Navigating the Human-Machine Boundary

Introduction

The Rise of Emotive AI, Special issue of P sychology & Marketing; Deadline 31 Oct 2024

INTEREST CATEGORY: CONSUMER BEHAVIOR
POSTING TYPE: Calls: Journals

Posted by: Zhibin Lin


Call for Papers

Navigating the Human-Machine Boundary: The Rise of Emotive AI

Submission Window: August 31, 2024 to October 31, 2024

The application of artificial intelligence (AI) in marketing and consumer research is a growing area of interest (Mariani et al., 2022; Mehta et al., 2022), characterized by diversity and multifaceted perspectives. Research has ranged from exploring customer emotional attachments and relationships with AI technologies, in particular, service robots (Filieri et al., 2022; Pentina et al., 2023), to examining consumer trust in voice-based AI systems (Pitardi & Marriott, 2021), analyzing electronic word-of-mouth marketing using AI (Oc et al., 2023), and investigating emotional responses to AI-based service failures (Pavone et al., 2023). Existing research also covers AI applications within the tourism and hospitality sector by looking into tourism products and travel services (Kargar & Lin, 2021; Zheng et al., 2020). Apart from the empirical research examines consumer engagement with AI technologies (Hollebeek et al., 2019; Hollebeek & Belk, 2021; Hollebeek et al., 2024), some work also looks at advancing theory in marketing and AI (Ameen et al., 2022) and providing AI implementing frameworks (Huang & Rust, 2022; Wu & Monfort, 2023).

The rapidly growing social and emotional intelligence of AI starts to blur the lines between humans and machines (Pentina et al., 2023; Zhu et al., 2023). Emotive AI could transform industries by improving customer experiences through tailored interactions (Mariani et al., 2022; Mehta et al., 2022). In healthcare, it may enhance diagnostic accuracy, patient engagement, and satisfaction by providing personalized and emotional support. In education, adaptive learning systems could promote student success via emotional scaffolding. Emotive AI enables computers to better understand and respond to human emotions and social dynamics (Filieri et al., 2022).

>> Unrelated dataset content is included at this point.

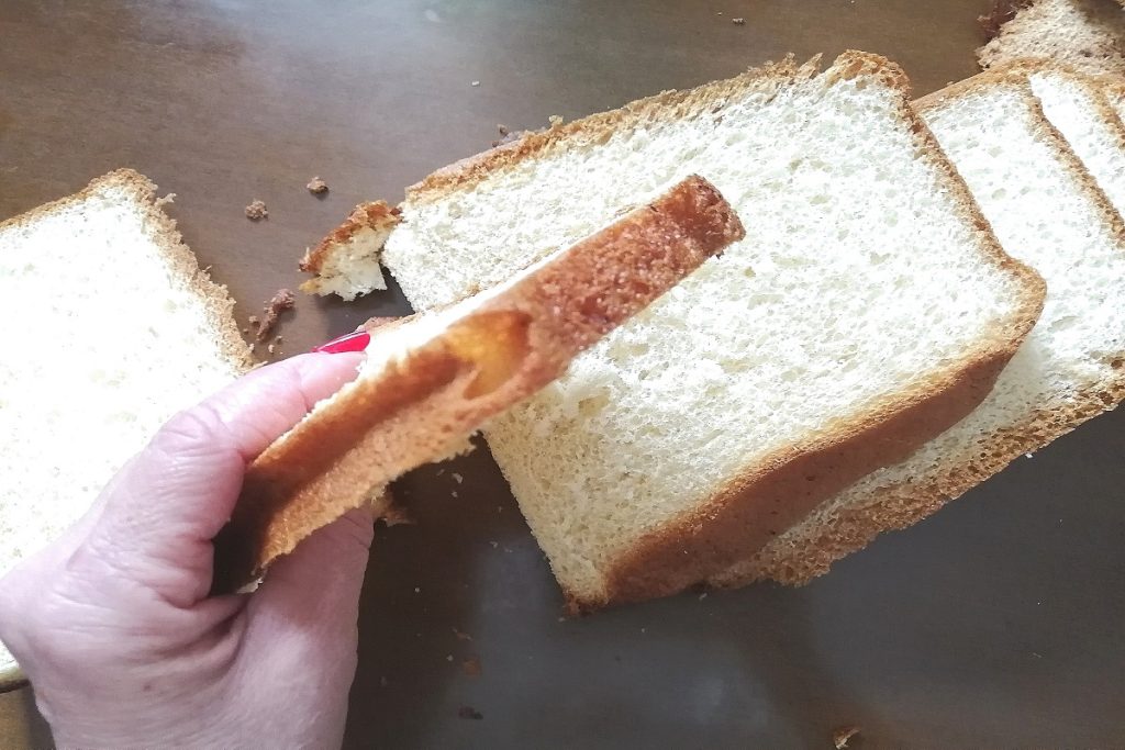 Coupez en tranches pas trop épaisses et retirez les bords anguleux de la première et de la dernière tranche.
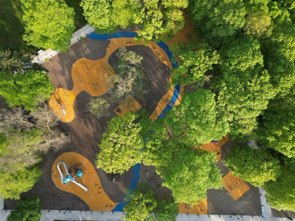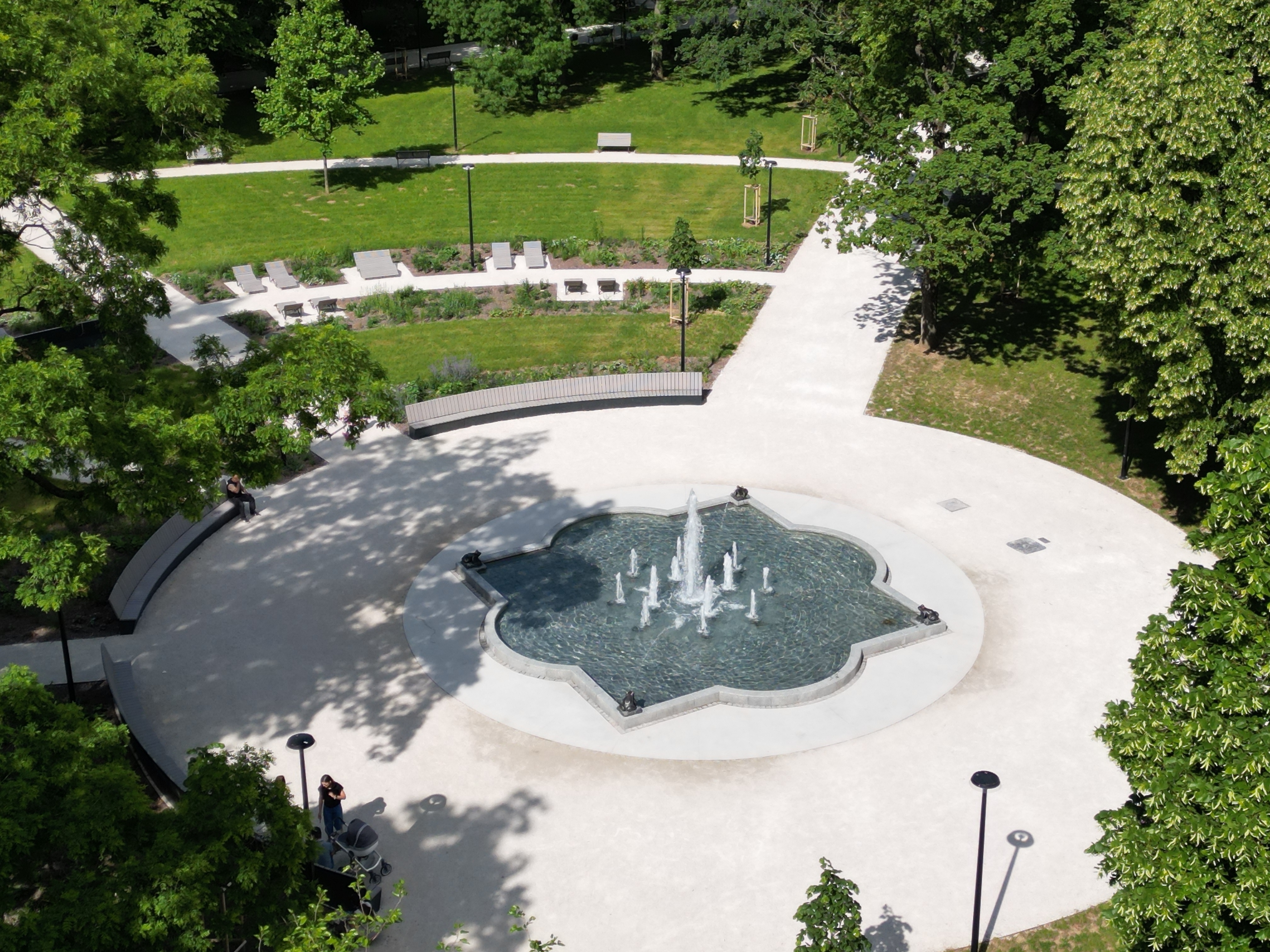 Park bol navrhnutý podľa princípov modro-zelenej infraštruktúry. Pôvodné asfaltové chodníky boli premenené na priepustné nezpevnené cesty. Voda vsakuje do trávnikov a kvetinových záhonov. Povrchy chodníkov sú biele, čo výrazne znížilo ich otepľovanie.

However, the ascent of emotive AI forces us to be cautious of its influence on human identity, autonomy, privacy, and equality (De Freitas et al., 2023). This on the other hand brings monumental ethical consideration and existential inquiries about the relationship between emotive AI and human well-being (Hollebeek et al., 2024; Zhu et al., 2023), raising concerns about manipulation, isolation, inequality, and the erosion of what makes us human. As the distinction between creator and creation fades, difficult philosophical questions also emerge about the ethics of marketing and consumption of AI (Hollebeek & Belk, 2021). This complex duality of AI underscores the urgent need for research to address concerns about threats of emotive AI, in particular, responding to irresponsible AI promotion and adoption (Davenport et al., 2020; Huang & Rust, 2022).

With technological innovation outpacing ethical foresight, guidelines for equitable, transparent and accountable AI systems are indispensable (Wang & Hang, 2021). As emotive AI systems become increasingly adopted, it is crucial we understand their potential opportunities as well as pitfalls in order to promote their ethical and responsible use (Kargar & Lin, 2021; Zheng et al., 2020). This special issue aims to bridge knowledge gaps across disciplines to uphold human values and inform responsible policymaking amidst AI’s coming of age (Oc et al., 2023; Weng et al., 2021). We strive to place human dignity and autonomy at the center while navigating emerging implications around trust, autonomy, identity, and ethics (Kim, Giroux, & Lee, 2021). By fostering interdisciplinary insights on emotive AI, this special issue aspires to cover crucial issues around its influence on human relationships and well-being. At the same time, we look to tap into its potential to improve decision-making and collaboration in many facets of life.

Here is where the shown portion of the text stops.